Residents offer input on developing neglected Pompano Beach park

By Elizabeth Roberts, News Source @sunsentinel

Antwaun Moore looked from the mobile stage to the nighttime yoga, to canary yellow risers, to a proposed play area – and stopped. The 11-year-old Cresthaven Elementary School student’s face relaxed into a grin.

“Kids should come here more often,” he said, indicating why he favored that approach to transforming Pompano Beach’s Annie Gillis Park. “We have one park but it’s a little bit messed up. If we could have a park like that? With swings? It’s colorful and looks really exciting.”
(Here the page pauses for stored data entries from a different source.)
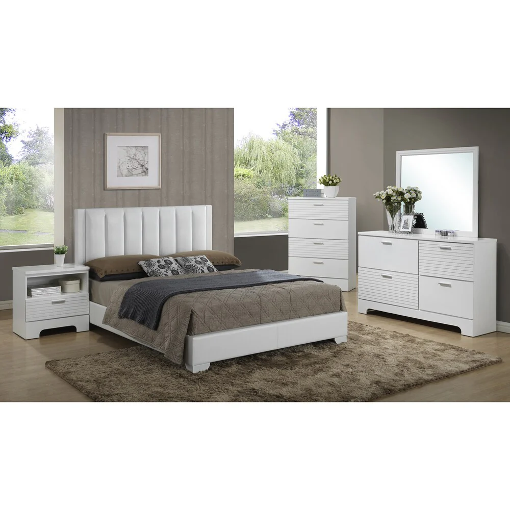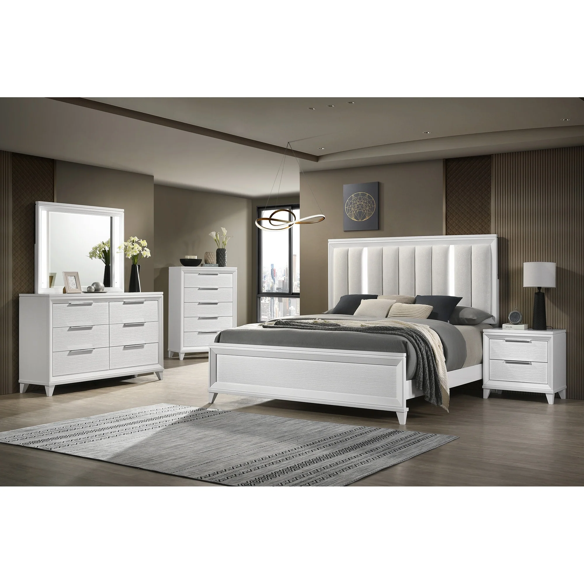 Denissa 6 Piece White Upholstered LED Panel Bedroom Set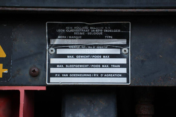 Brand: New Holland Type: TS90 Serial number: 119454B Year of construction: 1999 Fuel: Diesel Engine power: 90 HP Reading operating hours: 1327 h Machine weight: 4409 kg Tires: Pneumatic tires Color: blue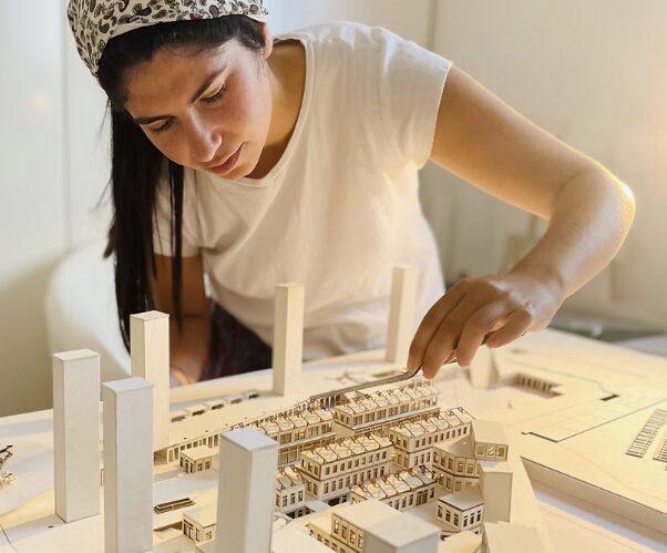 S’il convient d’insister sur ce qui distingue physique et numérique, que ne soit pas en évitant les avantages de leur combinaison. Pour être « imprimés » en 3D, tous les immeubles de la Cité Jardin ont été modélisés, autrement dit numérisés et travaillés à l’ordinateur en fonction de leurs particularités. Chez Modulus, on sait aussi dessiner une esquisse, peindre une aquarelle pour exprimer l’esprit d’un projet.
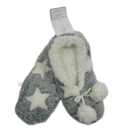 • Nové - Dámske sivo-biele hviezdičkované chlpaté papučky Dunnes vel. 35-38

But, as resident Velma Flowers pointed out, turnout was surprisingly light.

“If [food] doesn’t bring them out,” said Flowers, who volunteers with the Community Redevelopment Agency because she owns three businesses and two houses in its district, “I don’t think anything will.”

Still, those who came brought ideas.

“There are a lot of kids in this area,” explained Tasha Wilson, who lives adjacent to the park, “and nobody watches them … it’s safer without the [proposed] play equipment.”

Linda Hunter, a 41-year-resident of Pompano Beach, felt otherwise about the proposed additions. “I like the shade — and the play structure, but not the concert stage,” she said. “And I’d like to see that happen as soon as possible.”

Jackie Dawson has lived near the park for three decades. Whatever goes there, she looks forward to its revival.

“They used to have little concerts here,” she said.